The right to assemble, freedom of speech...they sound like such lofty and remote ideals of a bygone age, but they are in fact our rights, our supposed rights, protecting us from a monarchic or dictatorial government.
For those of you who haven't experienced the joys of standing up on a soap box in the crisp winter air, denouncing the ills of a government you democratically elected to do something quite the opposite of what it is doing, allow me offer up an absurd fact of protest life. When organizing your protest, along with markers, poster board and flags, you'll have to factor in a "Protest Permit."
This allows you to speak your mind, in a protesting sort of way. These permits are granted by the state and they can freely deny you if they feel that your protest could be a "security risk." Well, what constitutes a security risk? Well, there aren't any solid rules as to what a security risk really is. Well, that seems kinda fucked. Well, it is.

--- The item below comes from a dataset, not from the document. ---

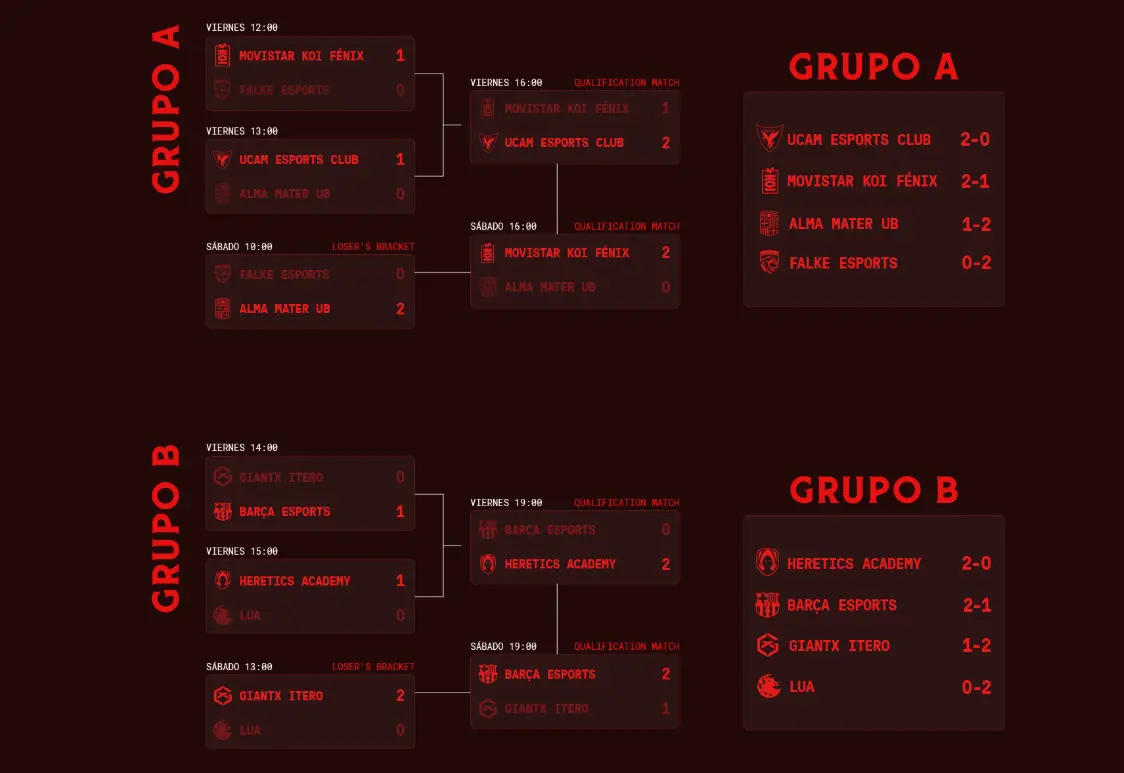 UCAM Esports dokázali v těsné sérii přehrát Movistar KOI, zatímco Heretics Academy si poradili s Barçou. Spodní pavouk přinesl krátké vzepětí pro Alma Mater UB a GIANTX iTero, jejichž cesta ale skončila v rozhodujících duelech o semifinále.

There are more cases of these permits being an infringement on the first amendment than there are innocent people in Texas jails. Martin Luther King Jr. is the happy recipient of a few. I myself have gotten one.
Aside from the clearly jaded security risk issue, there are perhaps even bigger issues if you do get a permit.
First of all, permits are by-in-large not granted in the more populated areas of a city. They tend to be allowed in places where there are mostly businesses or not enough space for large groups to congregate. Secondly, they close off the area, making it impossible and unlikely for people not already going to the protest, to hear or care about it. So, basically, what you get with the permit is the allowance for you and your friends to sit in a secluded area and bitch for an allotted amount of time.
Of course, you could do this at home and save some time, migraines and money, but then the state wouldn't get any money or satisfaction from your wasted efforts.
The places that need protesters in them: streets, crowded areas, malls, parks, schools, inner cities, are off limits. How can people expect to assemble if they're not allowed? And how is it not an infringement of rights if someone can pre-emptively determine that you are a safety risk when all you're asking to do is protest idiocy with fellow concerned citizens. Unless you write on your proposal that you intend to fillet virgins and burn poor people, I don't really see how they can make that call.
So, here we sit in this catch can we protest that we aren't allowed to protest? How can we organize and promote change when it's too "dangerous" for us to get together and do so? How can we say that we live in a free society when we aren't free to openly discuss and protest that society? How can we afford to accept these infringements if we consider ourselves US citizens?

But hey, it's perfectly fine to own a shit ton of guns for no reason...hooray!